# Task instructions
After locating the line with "Pistolevyssä on suurempi" in the data that follows, return it and every later line exactly, up to and including the line with "液压隔膜计量泵DY-X80/3.5不锈钢304变频防爆定量加药泵英科牌 功率 |".

START Data shown

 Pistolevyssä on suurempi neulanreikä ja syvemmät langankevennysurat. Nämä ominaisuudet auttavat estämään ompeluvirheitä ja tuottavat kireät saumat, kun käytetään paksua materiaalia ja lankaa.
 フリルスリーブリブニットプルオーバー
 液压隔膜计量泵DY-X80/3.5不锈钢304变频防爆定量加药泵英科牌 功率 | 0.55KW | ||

END Data shown
START Data shown

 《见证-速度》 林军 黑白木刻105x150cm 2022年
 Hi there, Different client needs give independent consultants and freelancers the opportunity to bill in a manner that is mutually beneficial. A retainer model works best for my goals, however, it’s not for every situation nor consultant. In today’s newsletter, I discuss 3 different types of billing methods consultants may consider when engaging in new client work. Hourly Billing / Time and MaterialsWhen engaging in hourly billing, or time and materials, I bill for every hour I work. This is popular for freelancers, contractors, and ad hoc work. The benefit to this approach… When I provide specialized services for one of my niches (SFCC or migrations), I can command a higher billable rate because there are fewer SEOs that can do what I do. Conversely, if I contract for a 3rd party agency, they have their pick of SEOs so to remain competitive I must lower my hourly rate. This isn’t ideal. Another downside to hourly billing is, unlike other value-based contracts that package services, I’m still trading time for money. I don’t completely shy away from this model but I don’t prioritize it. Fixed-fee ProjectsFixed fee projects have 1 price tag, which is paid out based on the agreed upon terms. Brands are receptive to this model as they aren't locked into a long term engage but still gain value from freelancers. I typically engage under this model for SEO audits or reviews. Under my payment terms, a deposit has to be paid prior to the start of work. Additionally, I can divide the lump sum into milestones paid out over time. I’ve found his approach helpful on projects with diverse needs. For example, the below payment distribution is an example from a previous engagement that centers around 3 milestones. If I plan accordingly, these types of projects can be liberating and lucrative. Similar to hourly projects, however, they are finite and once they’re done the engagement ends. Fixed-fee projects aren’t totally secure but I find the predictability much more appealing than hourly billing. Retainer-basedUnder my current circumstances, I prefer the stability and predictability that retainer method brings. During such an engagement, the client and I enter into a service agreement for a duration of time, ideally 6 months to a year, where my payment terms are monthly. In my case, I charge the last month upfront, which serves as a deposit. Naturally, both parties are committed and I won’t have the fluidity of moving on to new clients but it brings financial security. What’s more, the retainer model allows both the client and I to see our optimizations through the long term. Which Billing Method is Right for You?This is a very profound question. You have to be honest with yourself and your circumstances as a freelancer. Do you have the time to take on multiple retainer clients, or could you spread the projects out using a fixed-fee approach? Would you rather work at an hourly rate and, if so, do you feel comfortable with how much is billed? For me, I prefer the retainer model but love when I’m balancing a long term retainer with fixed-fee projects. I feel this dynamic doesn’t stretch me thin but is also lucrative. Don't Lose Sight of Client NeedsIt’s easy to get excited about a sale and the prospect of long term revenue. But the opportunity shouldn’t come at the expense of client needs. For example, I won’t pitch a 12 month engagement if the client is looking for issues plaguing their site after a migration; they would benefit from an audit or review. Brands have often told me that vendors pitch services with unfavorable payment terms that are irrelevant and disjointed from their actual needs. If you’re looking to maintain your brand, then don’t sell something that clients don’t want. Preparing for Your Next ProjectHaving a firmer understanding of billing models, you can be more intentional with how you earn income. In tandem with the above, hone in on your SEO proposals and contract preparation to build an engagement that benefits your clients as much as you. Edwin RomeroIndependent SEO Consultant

END Data shown

# Result of the task
 Pistolevyssä on suurempi neulanreikä ja syvemmät langankevennysurat. Nämä ominaisuudet auttavat estämään ompeluvirheitä ja tuottavat kireät saumat, kun käytetään paksua materiaalia ja lankaa.
 フリルスリーブリブニットプルオーバー
 液压隔膜计量泵DY-X80/3.5不锈钢304变频防爆定量加药泵英科牌 功率 | 0.55KW | ||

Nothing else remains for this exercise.